### [Work to complete]
Only the lines below from the one with "Заглушки на диски" through the one with "Das traditionell mit" are to be written out, exactly and without any images.

### [Source data]
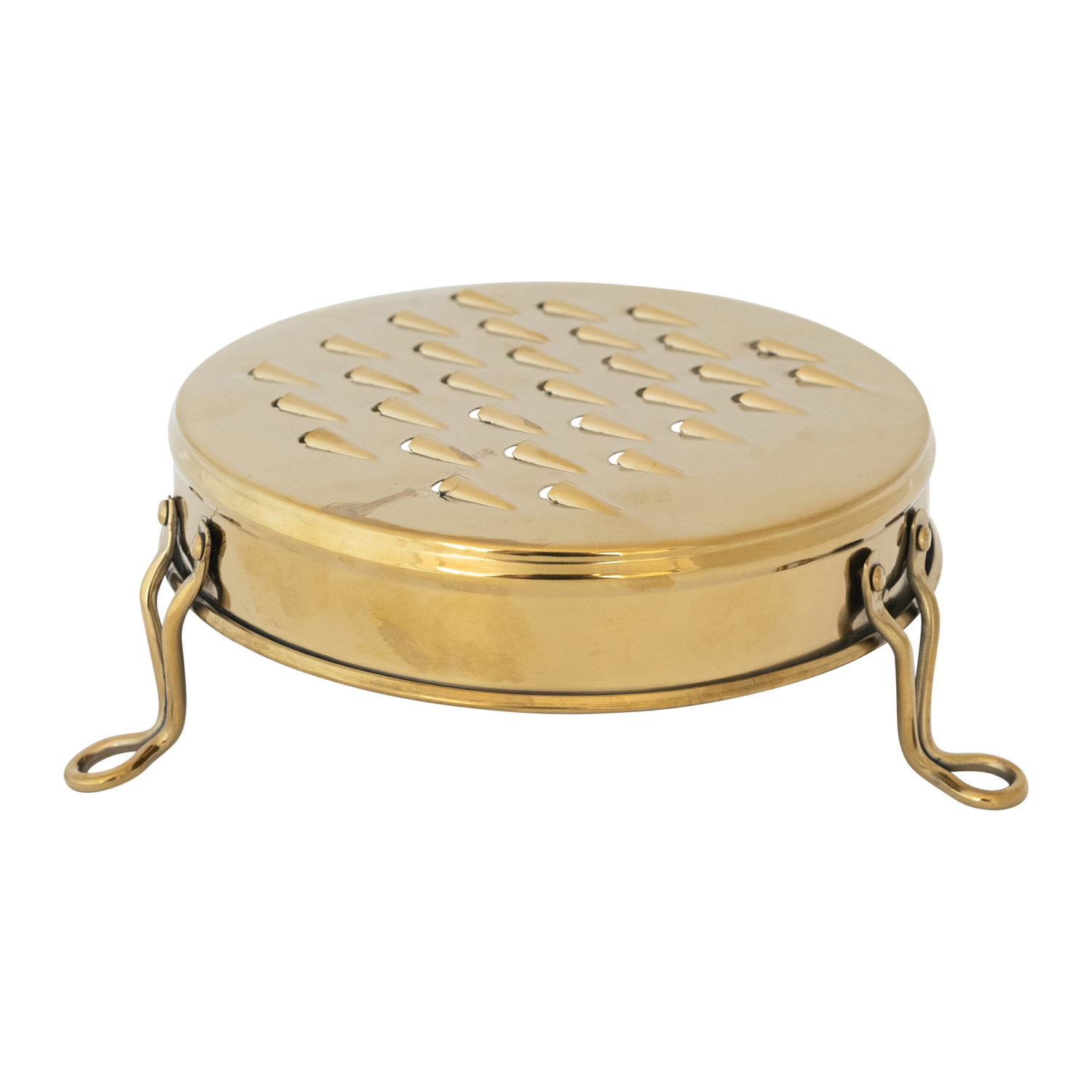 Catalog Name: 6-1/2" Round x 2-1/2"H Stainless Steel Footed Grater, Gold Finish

---

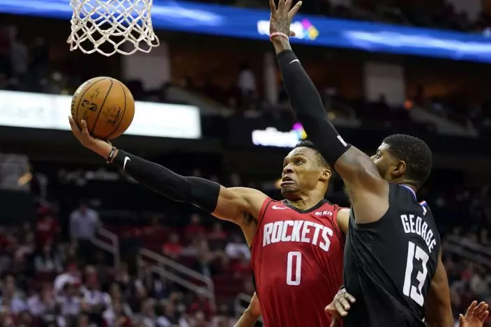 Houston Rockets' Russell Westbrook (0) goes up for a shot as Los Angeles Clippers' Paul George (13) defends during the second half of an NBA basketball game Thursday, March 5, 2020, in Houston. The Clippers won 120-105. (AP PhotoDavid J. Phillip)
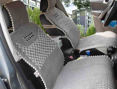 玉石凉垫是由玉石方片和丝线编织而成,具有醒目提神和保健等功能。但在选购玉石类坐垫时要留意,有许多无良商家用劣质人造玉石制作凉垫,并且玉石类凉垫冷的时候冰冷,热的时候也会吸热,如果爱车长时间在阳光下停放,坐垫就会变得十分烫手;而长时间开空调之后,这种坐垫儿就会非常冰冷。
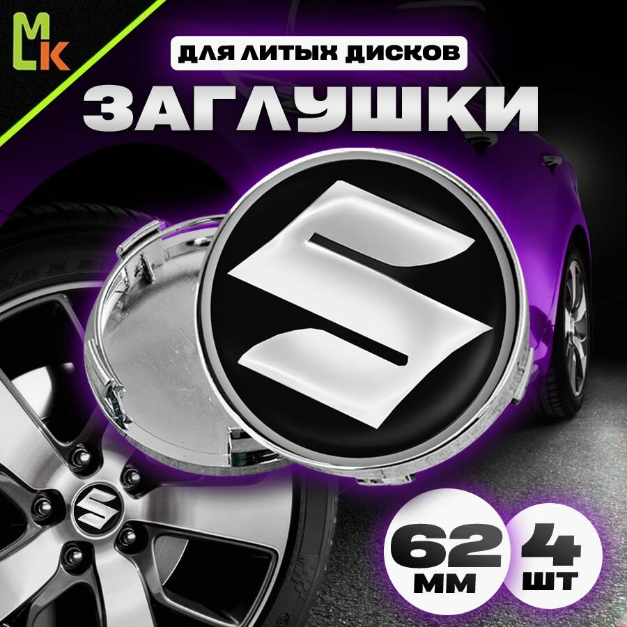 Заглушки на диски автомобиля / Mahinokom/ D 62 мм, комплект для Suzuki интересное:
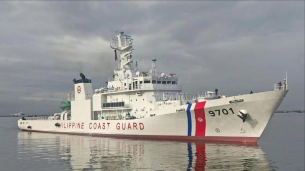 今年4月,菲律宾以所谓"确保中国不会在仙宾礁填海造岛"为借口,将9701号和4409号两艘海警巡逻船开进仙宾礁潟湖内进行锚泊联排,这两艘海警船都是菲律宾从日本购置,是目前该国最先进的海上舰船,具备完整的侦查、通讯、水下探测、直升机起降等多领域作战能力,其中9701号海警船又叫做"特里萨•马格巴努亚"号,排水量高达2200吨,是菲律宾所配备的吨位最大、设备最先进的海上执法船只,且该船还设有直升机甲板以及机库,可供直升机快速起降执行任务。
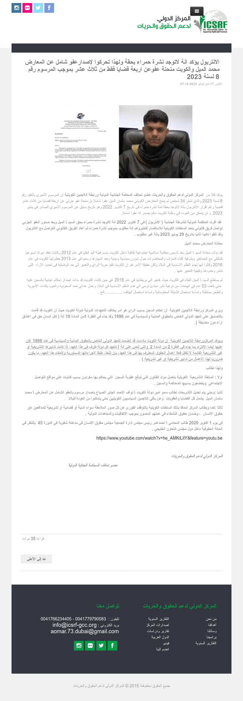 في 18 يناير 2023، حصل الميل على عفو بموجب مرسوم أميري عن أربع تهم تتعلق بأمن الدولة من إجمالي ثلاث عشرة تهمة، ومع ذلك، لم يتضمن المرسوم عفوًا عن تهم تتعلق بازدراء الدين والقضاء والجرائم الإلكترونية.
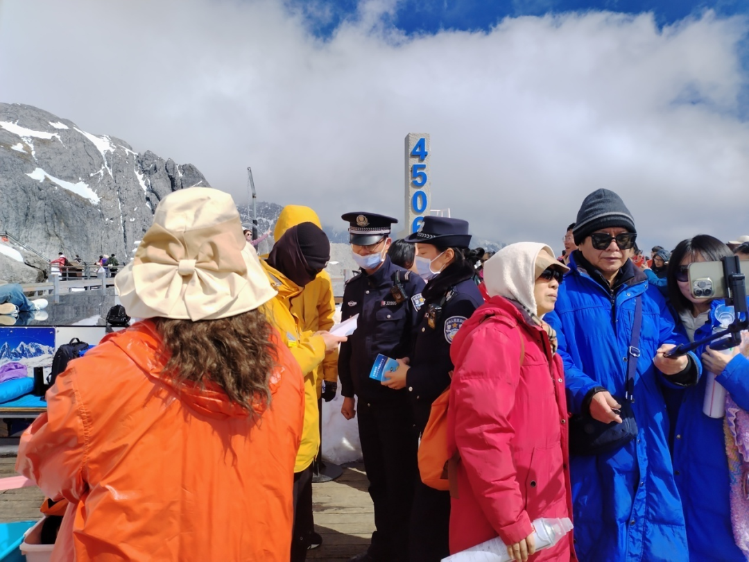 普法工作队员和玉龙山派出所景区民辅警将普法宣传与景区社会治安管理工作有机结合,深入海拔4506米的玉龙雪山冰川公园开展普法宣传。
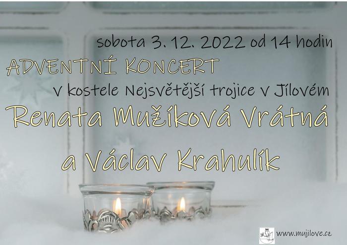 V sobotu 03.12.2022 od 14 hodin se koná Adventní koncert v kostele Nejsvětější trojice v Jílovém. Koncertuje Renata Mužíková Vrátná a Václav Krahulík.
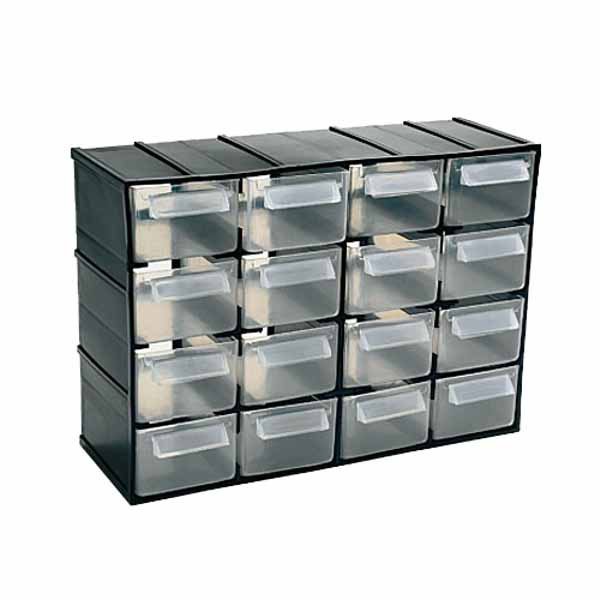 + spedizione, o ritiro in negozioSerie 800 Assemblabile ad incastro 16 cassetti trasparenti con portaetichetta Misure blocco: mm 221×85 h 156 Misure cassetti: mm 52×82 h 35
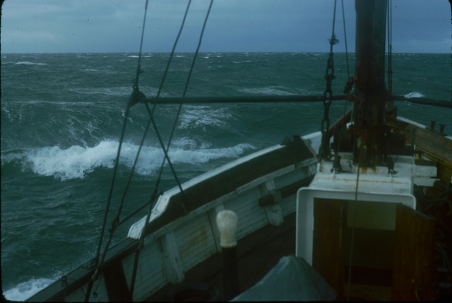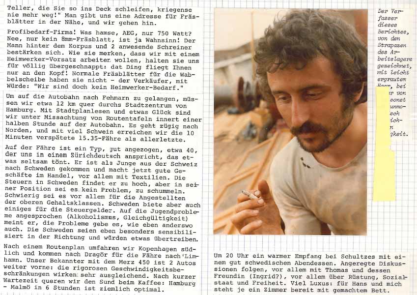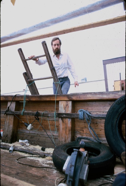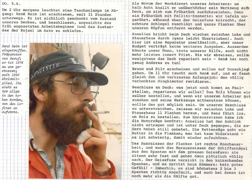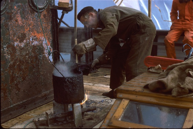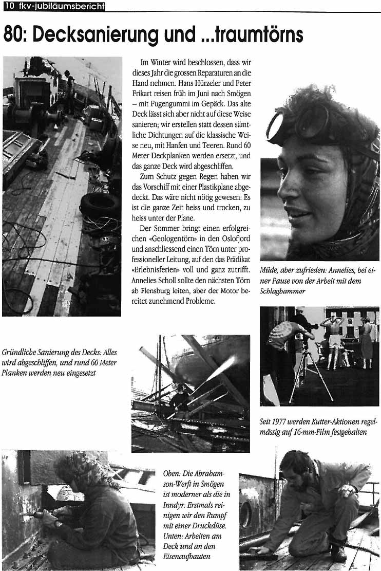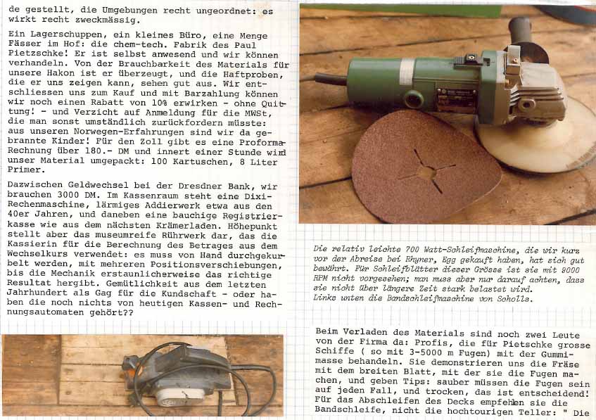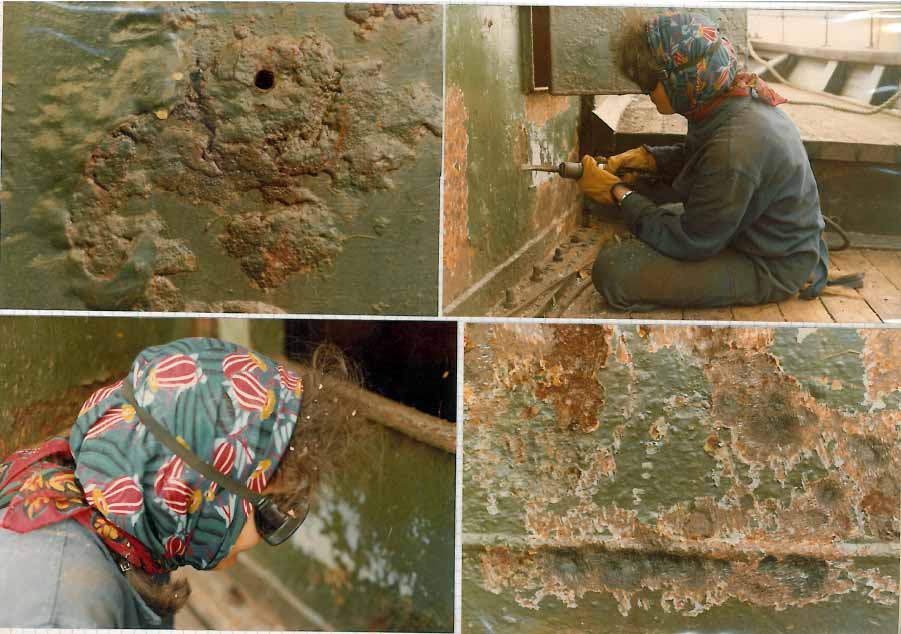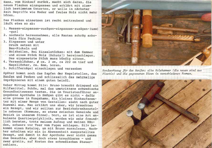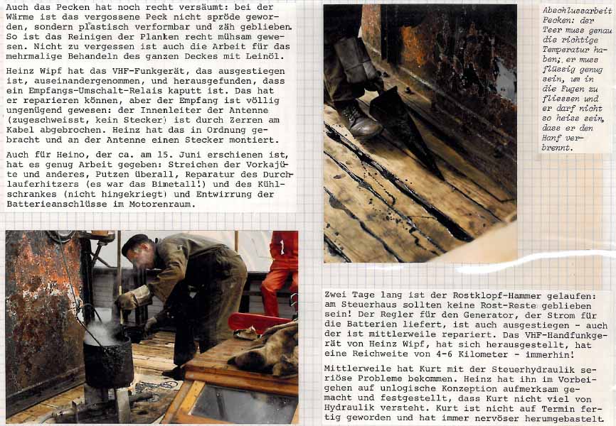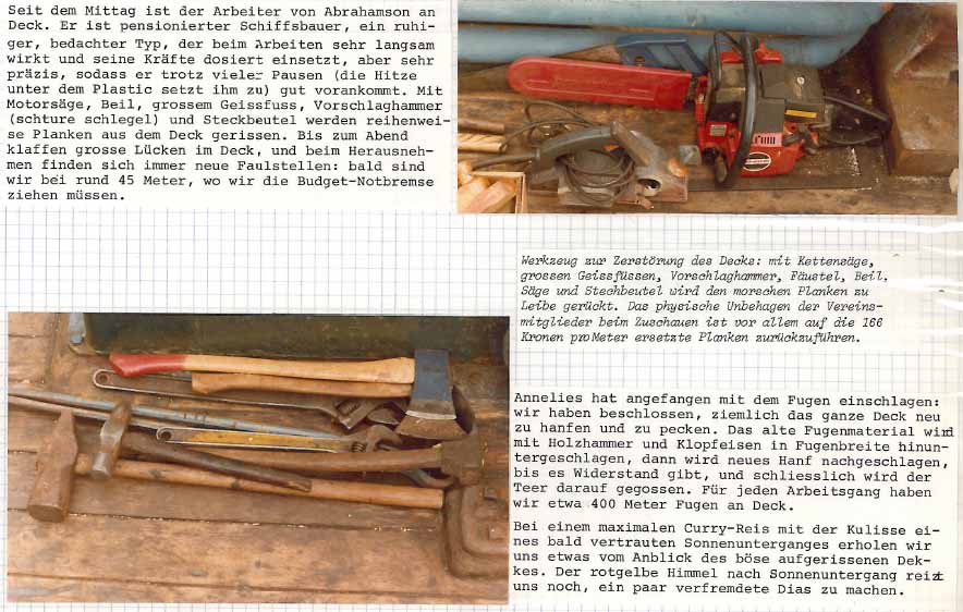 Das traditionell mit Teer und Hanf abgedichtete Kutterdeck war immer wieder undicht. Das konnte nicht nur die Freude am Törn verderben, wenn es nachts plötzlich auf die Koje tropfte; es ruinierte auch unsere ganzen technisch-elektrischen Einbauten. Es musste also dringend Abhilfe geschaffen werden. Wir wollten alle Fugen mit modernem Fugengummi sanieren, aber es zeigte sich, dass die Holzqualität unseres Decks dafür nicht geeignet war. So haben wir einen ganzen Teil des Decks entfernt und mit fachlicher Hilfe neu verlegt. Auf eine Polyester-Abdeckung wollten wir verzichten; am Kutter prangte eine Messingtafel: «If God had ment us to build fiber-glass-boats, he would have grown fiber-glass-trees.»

### [Worked solution]
 Заглушки на диски автомобиля / Mahinokom/ D 62 мм, комплект для Suzuki интересное:
 今年4月,菲律宾以所谓"确保中国不会在仙宾礁填海造岛"为借口,将9701号和4409号两艘海警巡逻船开进仙宾礁潟湖内进行锚泊联排,这两艘海警船都是菲律宾从日本购置,是目前该国最先进的海上舰船,具备完整的侦查、通讯、水下探测、直升机起降等多领域作战能力,其中9701号海警船又叫做"特里萨•马格巴努亚"号,排水量高达2200吨,是菲律宾所配备的吨位最大、设备最先进的海上执法船只,且该船还设有直升机甲板以及机库,可供直升机快速起降执行任务。
 في 18 يناير 2023، حصل الميل على عفو بموجب مرسوم أميري عن أربع تهم تتعلق بأمن الدولة من إجمالي ثلاث عشرة تهمة، ومع ذلك، لم يتضمن المرسوم عفوًا عن تهم تتعلق بازدراء الدين والقضاء والجرائم الإلكترونية.
 普法工作队员和玉龙山派出所景区民辅警将普法宣传与景区社会治安管理工作有机结合,深入海拔4506米的玉龙雪山冰川公园开展普法宣传。
 V sobotu 03.12.2022 od 14 hodin se koná Adventní koncert v kostele Nejsvětější trojice v Jílovém. Koncertuje Renata Mužíková Vrátná a Václav Krahulík.
 + spedizione, o ritiro in negozioSerie 800 Assemblabile ad incastro 16 cassetti trasparenti con portaetichetta Misure blocco: mm 221×85 h 156 Misure cassetti: mm 52×82 h 35
 Das traditionell mit Teer und Hanf abgedichtete Kutterdeck war immer wieder undicht. Das konnte nicht nur die Freude am Törn verderben, wenn es nachts plötzlich auf die Koje tropfte; es ruinierte auch unsere ganzen technisch-elektrischen Einbauten. Es musste also dringend Abhilfe geschaffen werden. Wir wollten alle Fugen mit modernem Fugengummi sanieren, aber es zeigte sich, dass die Holzqualität unseres Decks dafür nicht geeignet war. So haben wir einen ganzen Teil des Decks entfernt und mit fachlicher Hilfe neu verlegt. Auf eine Polyester-Abdeckung wollten wir verzichten; am Kutter prangte eine Messingtafel: «If God had ment us to build fiber-glass-boats, he would have grown fiber-glass-trees.»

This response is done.